Work instructions: What is needed is an exact copy of the records below, with the pictures left out.

........

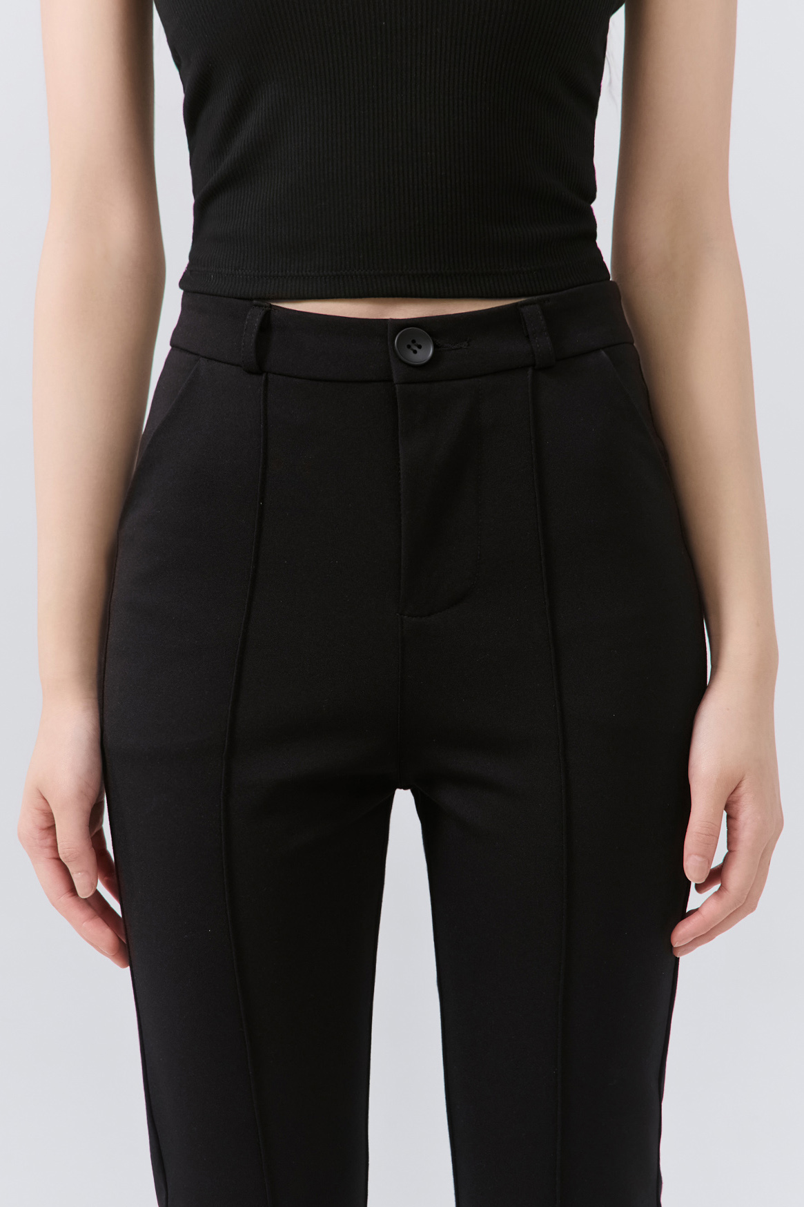 高腰 / 鈕釦及拉鍊 / 有褲耳 / 兩側口袋 / 褲管前車線設計
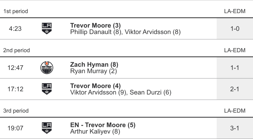 Third straight loss at Rogers Place. Final Score: 3-1 Kings
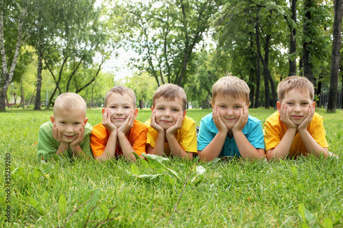 © Sergey Nivens, Fototapeta premium Group of children in the park
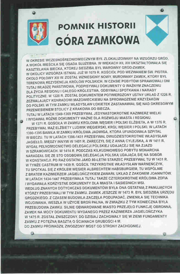 Na wzgórzu, na miejscu wczesnośredniowiecznego grodu wybudowano w XIII w. murowany zamek obronny, który był terenową siedzibą książąt i królów polskich. Cała powierzchnia wzgórza była otoczona murem obronnym. Od północy potężna baszta strzegła bramy i mostu. Cały dziedziniec zbliżony był do idealnego prostokąta. Od południa wzgórze obmywała rzeka Ropa. Zamek ostatecznie przestał pełnić funkcję obronną w 2 poł. XV w.. W 1475 r. Kazimierz IV Jagiellończyk polecił rozebrać zamek. Ruiny zamku i całej fortyfikacji istniały jeszcze w XIX w. Dzisiaj o istnieniu zamku świadczą tylko fundamenty zachowane w ziemi.
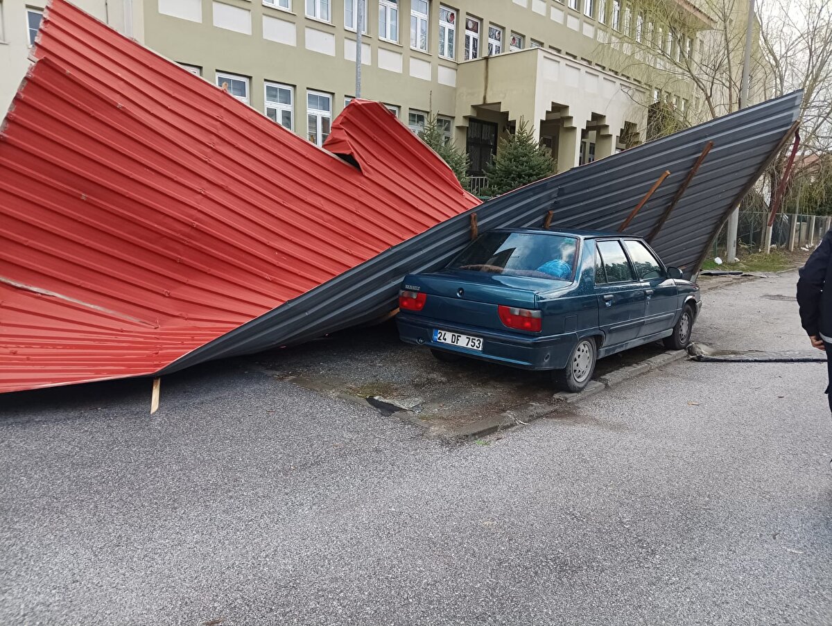 Erzincan Ortaokulu'nun sac kaplama çatısı da bahçede park halindeki otomobilin üzerine düştü.
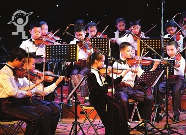 The String Orchestra of Shenzhen Children’s Palace perform on January 10. The concert invited Huang Peiying who has won many international awards to play violin.
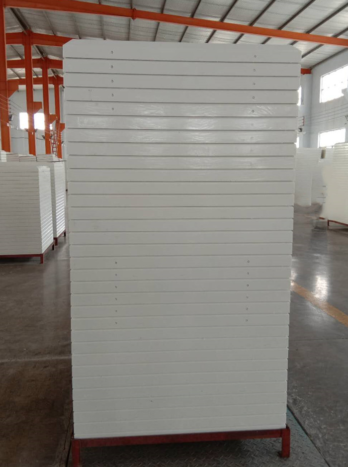 將備好的原材料根據規則的份額進行配料,然后拌和料漿成樹脂糊;將制成的樹脂糊與玻璃纖維紗通過SMC片材機組浸漬制成SMC片材;通過48h加溫固化后,查驗片材,依照所需標準進行裁剪、稱重、疊放、均勻鋪置于已經整理并升溫至120-140℃的模具中進行模壓并依照要求保壓后開模;脫模構成成型的SMC單板,對SMC單板的飛邊打磨修整后進行查驗;查驗合格的SMC單板按方位打好安裝孔,進行包裝、入庫;將SMC模壓單板、已按方位打好安裝孔的橡膠密封條、不銹鋼支架(拉筋)組合拼裝成SMC組合式水箱,查驗;查驗合格為制品。
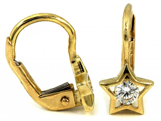 Kolczyki złote gwiazdka z cyrkonią bezpieczne zapięcie

........

Reply:
 高腰 / 鈕釦及拉鍊 / 有褲耳 / 兩側口袋 / 褲管前車線設計
 Third straight loss at Rogers Place. Final Score: 3-1 Kings
 © Sergey Nivens, Fototapeta premium Group of children in the park
 Na wzgórzu, na miejscu wczesnośredniowiecznego grodu wybudowano w XIII w. murowany zamek obronny, który był terenową siedzibą książąt i królów polskich. Cała powierzchnia wzgórza była otoczona murem obronnym. Od północy potężna baszta strzegła bramy i mostu. Cały dziedziniec zbliżony był do idealnego prostokąta. Od południa wzgórze obmywała rzeka Ropa. Zamek ostatecznie przestał pełnić funkcję obronną w 2 poł. XV w.. W 1475 r. Kazimierz IV Jagiellończyk polecił rozebrać zamek. Ruiny zamku i całej fortyfikacji istniały jeszcze w XIX w. Dzisiaj o istnieniu zamku świadczą tylko fundamenty zachowane w ziemi.
 Erzincan Ortaokulu'nun sac kaplama çatısı da bahçede park halindeki otomobilin üzerine düştü.
 The String Orchestra of Shenzhen Children’s Palace perform on January 10. The concert invited Huang Peiying who has won many international awards to play violin.
 將備好的原材料根據規則的份額進行配料,然后拌和料漿成樹脂糊;將制成的樹脂糊與玻璃纖維紗通過SMC片材機組浸漬制成SMC片材;通過48h加溫固化后,查驗片材,依照所需標準進行裁剪、稱重、疊放、均勻鋪置于已經整理并升溫至120-140℃的模具中進行模壓并依照要求保壓后開模;脫模構成成型的SMC單板,對SMC單板的飛邊打磨修整后進行查驗;查驗合格的SMC單板按方位打好安裝孔,進行包裝、入庫;將SMC模壓單板、已按方位打好安裝孔的橡膠密封條、不銹鋼支架(拉筋)組合拼裝成SMC組合式水箱,查驗;查驗合格為制品。
 Kolczyki złote gwiazdka z cyrkonią bezpieczne zapięcie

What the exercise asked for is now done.